London.

Seit mehr als 100 Jahren liegt es auf dem Meeresgrund. Vor etwas mehr als drei Jahren wurde es entdeckt. Aber erst jetzt konnte es identifiziert werden: Das U-Boot-Wrack rund 90 Kilometer vor der Ostküste Englands stammt aus Deutschland. Die „SM U 31“ lief im Januar 1915 zu einer Patrouillenfahrt in der südlichen Nordsee aus und galt seither als verschollen. Nachdem im September 2012 ein britischer Windparkbetreiber das Wrack geortet hatte, konnten jetzt Filmaufnahmen nachweisen, dass es sich dabei um ein deutsches U-Boot aus der Kaiserlichen Kriegsmarine handelt.

Vor drei Jahren hatte das britische Unternehmen Scottish Power Renewables in einem über 6000 Quadratkilometer großen Gebiet vor der englischen Südostküste den Meeresboden mit Sonar abgetastet. Das Unternehmen war auf der Suche nach geeigneten Standorten für Windräder und hatte durchaus vermutet, beim Scannen das eine oder andere Schiffswrack zu finden. Was man nicht erwartete, war die Entdeckung eines gut erhaltenen U-Boot-Wracks, das auf keiner Karte verzeichnet war. Zuerst nahm man an, dass es sich um ein niederländisches U-Boot handeln würde, genauer: um die „Hr. Ms. O 13“, das einzige niederländische U-Boot aus dem Zweiten Weltkrieg, über deren Verbleib nichts bekannt war.

Die Königlich Niederländische Marine wurde eingeladen, den Fall zu untersuchen.
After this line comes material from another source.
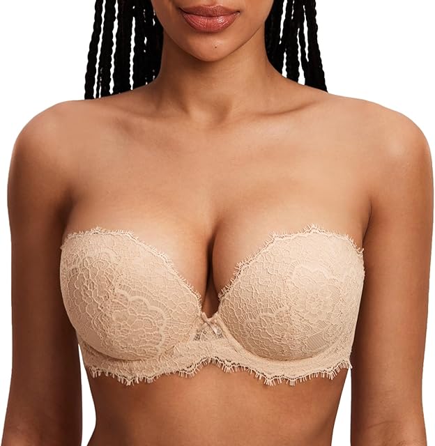 Order Women’s Strapless Push Up Bra Lace Plus Size Plunge Padded Underwire Bras Add 1 Cup today for a best price.

Spezialtaucher und ein Sonarteam wurden eingesetzt. „Es war kein leichter Job“, meinte Kommandant Jouke Spoelstra, der das Projekt leitete. „Mehrere Tauchgänge waren notwendig, bevor wir aufgrund der schlechten Seebedingungen irgendeinen Fortschritt machen konnten.“ Erst, als sich die Sicht unter Wasser besserte, so Spoelstra, „war es möglich, klare Aufnahmen zu erzielen und die genaue Identität festzustellen.“ Doch dann die Erkenntnis: Was man fand, war kein niederländisches, sondern ein deutsches U-Boot.

Das U-Boot lief im Jahr 1915 vermutlich auf eine Mine auf

Die „SM U 31“ lief am 13. Januar 1915 von Wilhelmshaven unter dem Kommando von Oberleutnant Siegfried Wachendorff zu einer Patrouille vor der Südostküste Englands aus – und verschwand von der Bildfläche. Was man jetzt gefunden hat, ist ein rund 57 Meter langes und viereinhalb Meter hohes Wrack, das nur 30 Meter unter der Meeresoberfläche liegt. Der gut erhaltene Kommandoturm und das Layout des Decks deuteten klar auf ein deutsches Design hin, und ein Vergleich mit den Verlustlisten ergab dann, dass es sich um die „SM U 31“ handeln musste.

Das U-Boot war am Bug und Heck beschädigt. Mark Dunkley, ein britischer Unterwasserarchäologe, nimmt an, dass das U-Boot auf eine Mine auflief, sank und die gesamte Besatzung von vier Offizieren und 31 Männern mit in die Tiefe riss. „Nachdem es seit mehr als einem Jahrhundert auf dem Meeresboden lag“, so Dunkley, „ist es in bemerkenswert guter Verfassung. Die Verwandten und Nachkommen der Besatzung können sich jetzt vielleicht mit dem Gedanken trösten, zu wissen, wo die letzte Ruhestätte der Männer ist. Die Entdeckung dient als eine ergreifende Erinnerung an diejenigen, die im Ersten Weltkrieg ihr Leben ließen.“ Es ist nicht beabsichtigt, das Wrack zu bergen, denn die Totenruhe will der Windparkbetreiber nicht stören. „Als offizielles militärisches Seegrab wird das Wrack in seiner letzten Ruhestätte verbleiben“, erklärte Scottish Power Renewables und versprach: „Die Pläne für eine Offshorewindfarm werden sicherstellen, dass es keine Beeinträchtigungen in dieser Gegend gibt.“

Charlie Jordan, Projektdirektor bei Scottish Power Renewables, ist begeistert über die Lösung des Mysteriums. „Es war faszinierend, die ganze Geschichte hinter dem U-Boot zu enträtseln“, sagte er. „Und es ist ermutigend zu wissen, dass die Entdeckung es den Hinterbliebenen ermöglicht, mit der Sache abzuschließen.“ Die Behörden wollen jetzt versuchen, sich mit den Familien von Angehörigen in Verbindung zu setzen.